In the all-risankizumab population, most AEs were mild or moderate in severity and few led to discontinuation of risankizumab. The most frequently reported AEs were related to AD (i.e., worsening of AD and pruritus) and infections, such as nasopharyngitis and upper respiratory tract infections. Serious AEs were infrequent, with only cellulitis occurring in more than one patient (n = 2). Among areas of safety interest, there were no adjudicated MACE, active tuberculosis infections, hypersensitivity reactions, or adjudicated anaphylactic reactions in patients treated with risankizumab.

Recently, dupilumab, upadacitinib, and secukinumab clinical trial data for the treatment of AD that measured EASI 75 response rates were published. Higher EASI 75 response rates were achieved at week 16 for the JAK inhibitor upadacitinib (60.1–79.7% vs. 13.3–16.3% for placebo) and the IL-4/IL-13 antagonist dupilumab (44.0–52.0% vs. 15% for placebo) [16, 18]. As with risankizumab, phase 2 study findings for the IL-17a antagonist secukinumab, paralleled findings in our study, showing lower response rates for the percentage improvement in EASI at week 16 [17]. Findings from our study as well as those from the secukinumab phase 2 AD trial [17] suggest that IL-17/IL-23 blockade is not clinically effective in AD.

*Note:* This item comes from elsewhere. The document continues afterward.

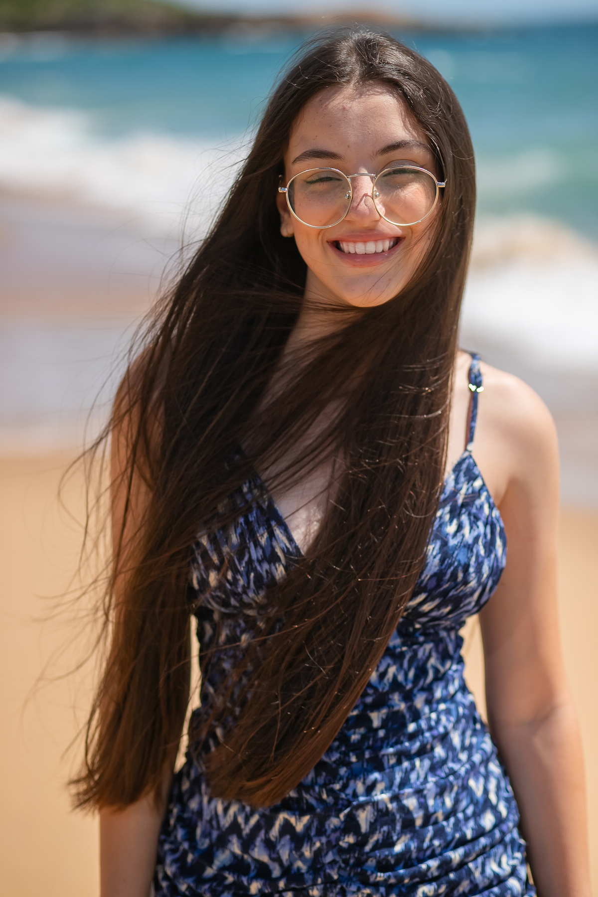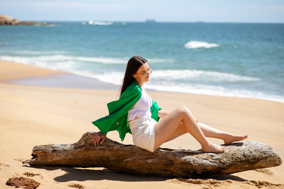 As paisagens que escolhermos, com suas cores vibrantes e texturas suaves, serviram de moldura perfeita para sua beleza. As ondas do mar sussurrando ao fundo e a brisa suave que dançava ao seu redor eram testemunhas da sua transformação em uma jovem cheia de sonhos, pronta para explorar o mundo.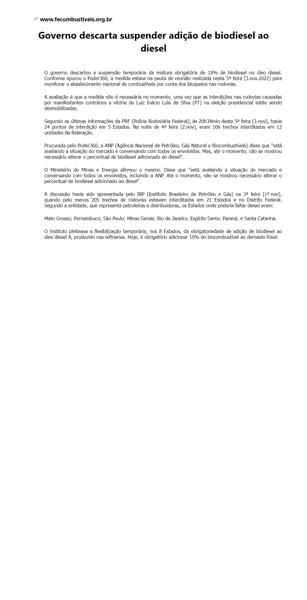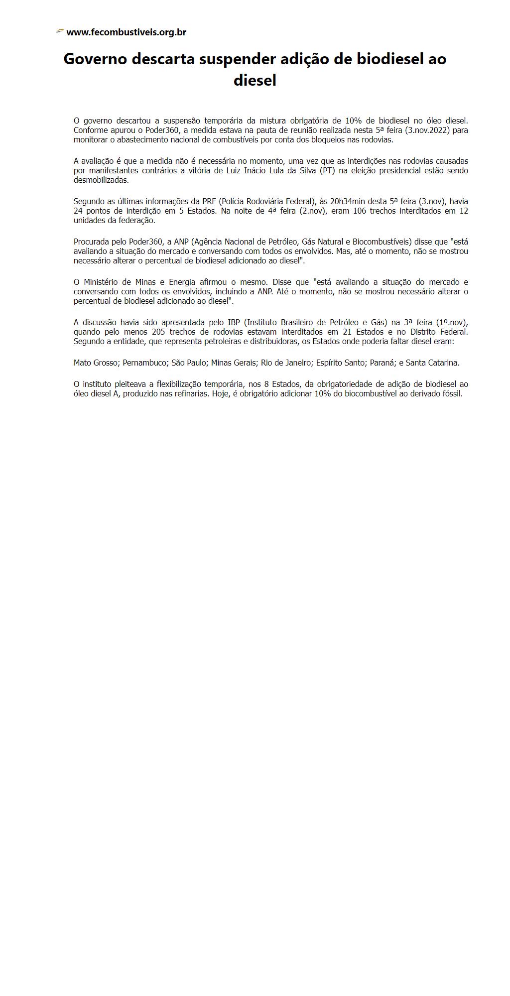 Governo descarta suspender adição de biodiesel ao diesel

Although this was a well-designed, fully powered, large phase 2 study, as with most randomized controlled clinical trials, the constraints of the trial’s entry criteria may have limited the study’s patient population, excluding some patients with AD who would be treated in real clinical practice.

Conclusions

Although risankizumab was generally well tolerated, efficacy of risankizumab 150 mg or 300 mg was not demonstrated in patients with AD.